| ABOUT THIS TASK |
Exclude all pictures. Then restate, word for word, the entries from the first line through the line that contains "2011 in Vancouver".

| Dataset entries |
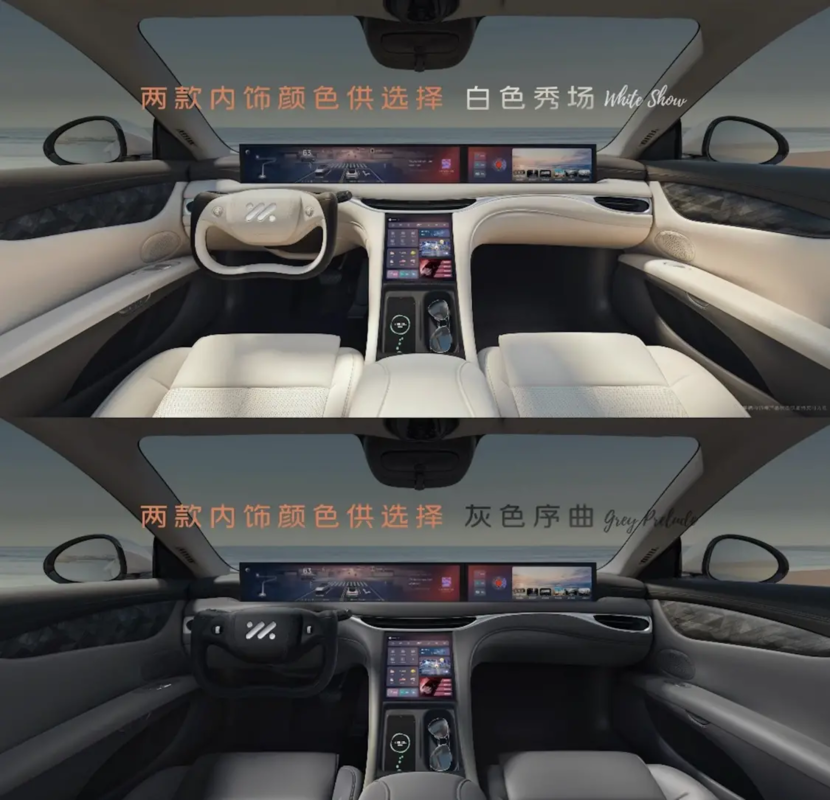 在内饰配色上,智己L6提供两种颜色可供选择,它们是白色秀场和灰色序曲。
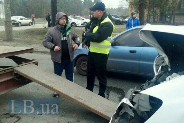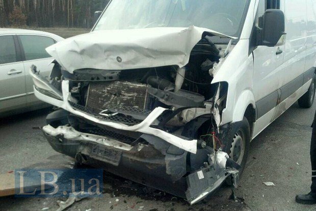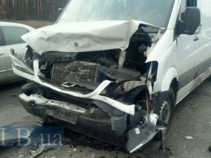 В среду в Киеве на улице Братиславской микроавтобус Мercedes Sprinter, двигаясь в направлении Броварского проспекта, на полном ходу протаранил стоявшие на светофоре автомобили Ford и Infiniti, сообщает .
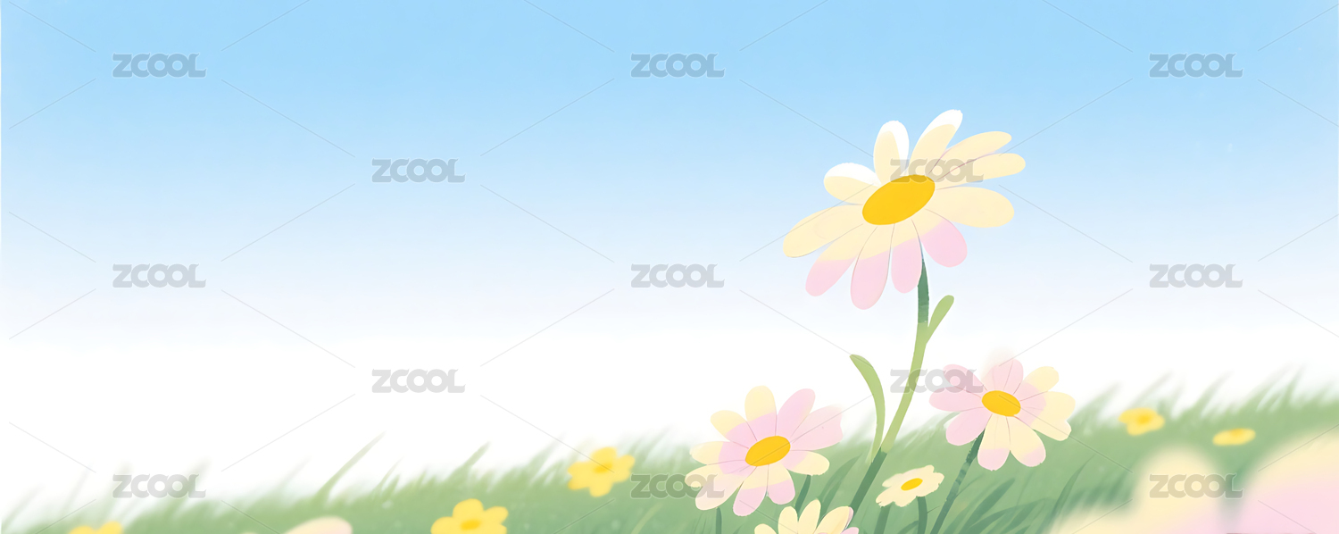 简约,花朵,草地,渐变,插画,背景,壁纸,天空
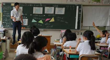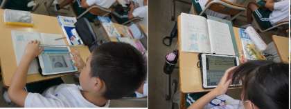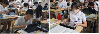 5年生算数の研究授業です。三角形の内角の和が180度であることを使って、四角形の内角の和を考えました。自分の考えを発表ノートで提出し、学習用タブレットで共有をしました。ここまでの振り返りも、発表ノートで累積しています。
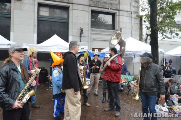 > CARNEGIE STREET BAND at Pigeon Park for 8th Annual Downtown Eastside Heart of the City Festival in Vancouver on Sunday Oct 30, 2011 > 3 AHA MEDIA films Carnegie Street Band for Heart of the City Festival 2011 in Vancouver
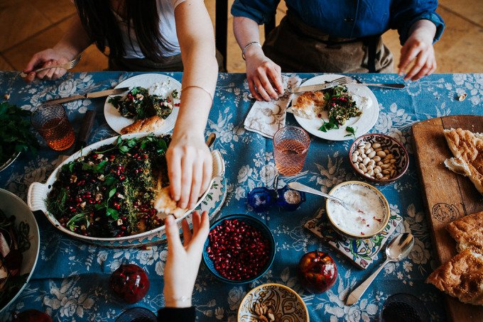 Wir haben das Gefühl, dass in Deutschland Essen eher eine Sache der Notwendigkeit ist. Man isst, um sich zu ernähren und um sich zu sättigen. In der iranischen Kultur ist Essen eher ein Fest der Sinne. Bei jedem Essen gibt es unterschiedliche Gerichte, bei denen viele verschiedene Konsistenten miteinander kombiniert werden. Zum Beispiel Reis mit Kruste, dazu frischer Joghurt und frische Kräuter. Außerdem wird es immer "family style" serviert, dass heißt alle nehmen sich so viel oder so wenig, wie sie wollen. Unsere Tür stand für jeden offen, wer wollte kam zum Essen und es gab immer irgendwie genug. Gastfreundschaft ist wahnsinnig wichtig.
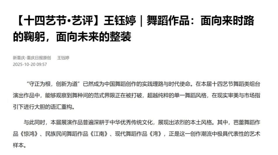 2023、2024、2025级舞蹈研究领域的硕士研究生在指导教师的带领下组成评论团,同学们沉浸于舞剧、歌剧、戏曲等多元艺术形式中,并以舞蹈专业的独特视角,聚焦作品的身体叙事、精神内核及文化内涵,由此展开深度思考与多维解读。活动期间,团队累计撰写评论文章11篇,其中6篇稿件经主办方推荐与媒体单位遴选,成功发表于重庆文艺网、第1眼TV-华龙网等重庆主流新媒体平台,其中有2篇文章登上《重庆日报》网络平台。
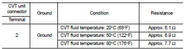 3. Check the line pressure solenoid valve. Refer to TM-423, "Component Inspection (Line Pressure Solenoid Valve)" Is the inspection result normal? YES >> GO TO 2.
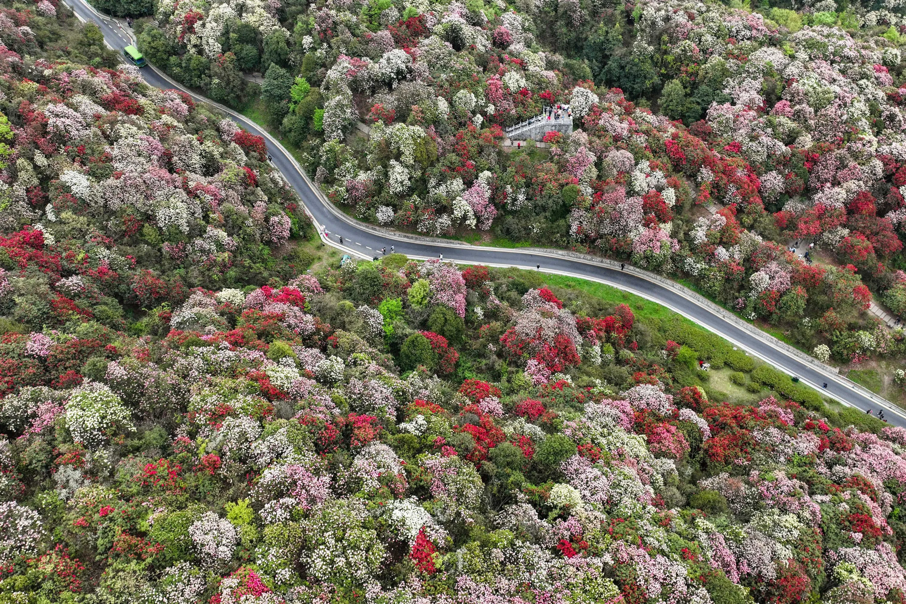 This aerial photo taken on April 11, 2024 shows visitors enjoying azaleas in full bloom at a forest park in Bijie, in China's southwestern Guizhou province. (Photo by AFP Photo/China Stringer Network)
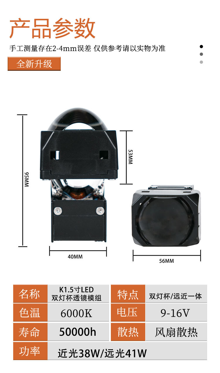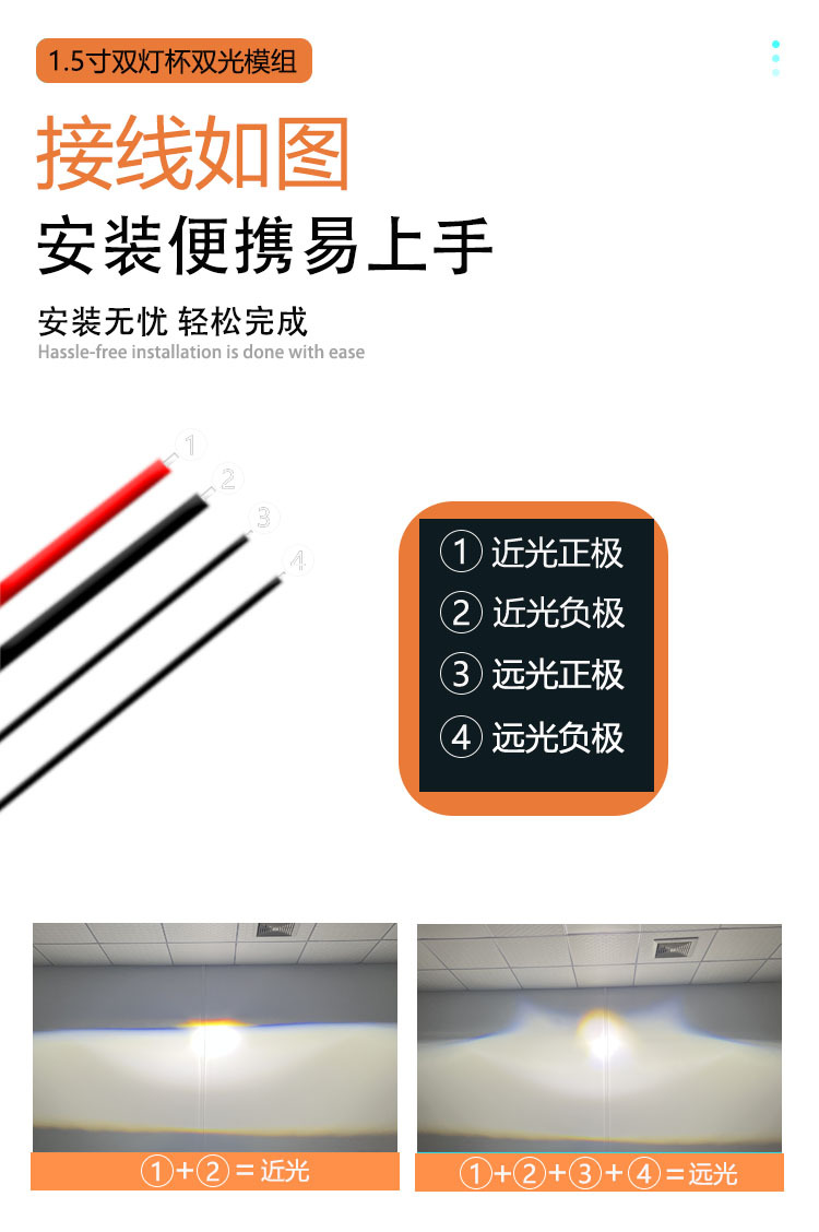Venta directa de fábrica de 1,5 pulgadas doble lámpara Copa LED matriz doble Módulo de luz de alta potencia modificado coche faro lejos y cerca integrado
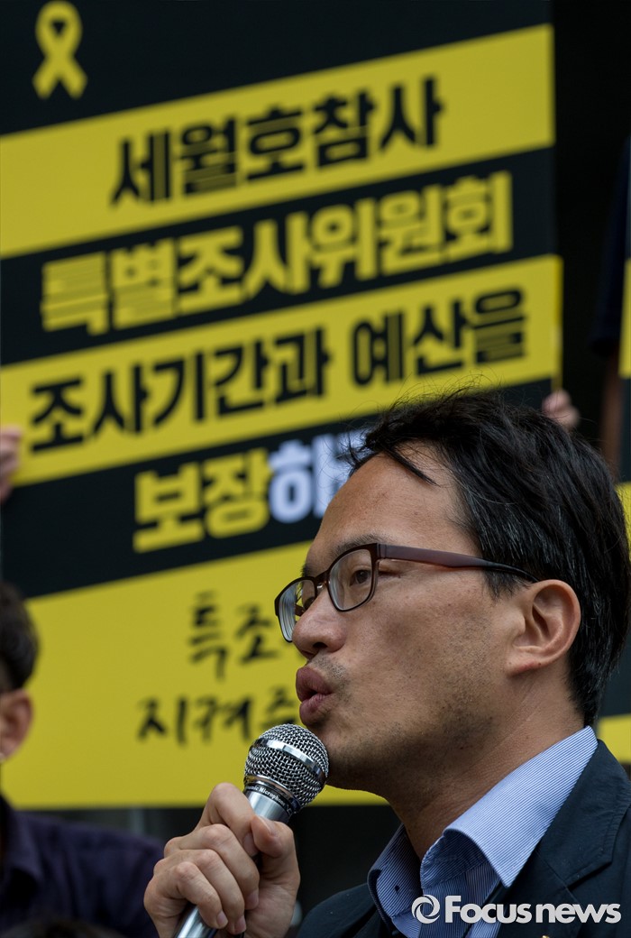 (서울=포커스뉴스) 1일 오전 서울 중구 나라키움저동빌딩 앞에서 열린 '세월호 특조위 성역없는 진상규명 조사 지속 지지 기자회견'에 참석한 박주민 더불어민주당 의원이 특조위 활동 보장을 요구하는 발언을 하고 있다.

| EXERCISE RESPONSE |
 在内饰配色上,智己L6提供两种颜色可供选择,它们是白色秀场和灰色序曲。
 В среду в Киеве на улице Братиславской микроавтобус Мercedes Sprinter, двигаясь в направлении Броварского проспекта, на полном ходу протаранил стоявшие на светофоре автомобили Ford и Infiniti, сообщает .
 简约,花朵,草地,渐变,插画,背景,壁纸,天空
 5年生算数の研究授業です。三角形の内角の和が180度であることを使って、四角形の内角の和を考えました。自分の考えを発表ノートで提出し、学習用タブレットで共有をしました。ここまでの振り返りも、発表ノートで累積しています。
 > CARNEGIE STREET BAND at Pigeon Park for 8th Annual Downtown Eastside Heart of the City Festival in Vancouver on Sunday Oct 30, 2011 > 3 AHA MEDIA films Carnegie Street Band for Heart of the City Festival 2011 in Vancouver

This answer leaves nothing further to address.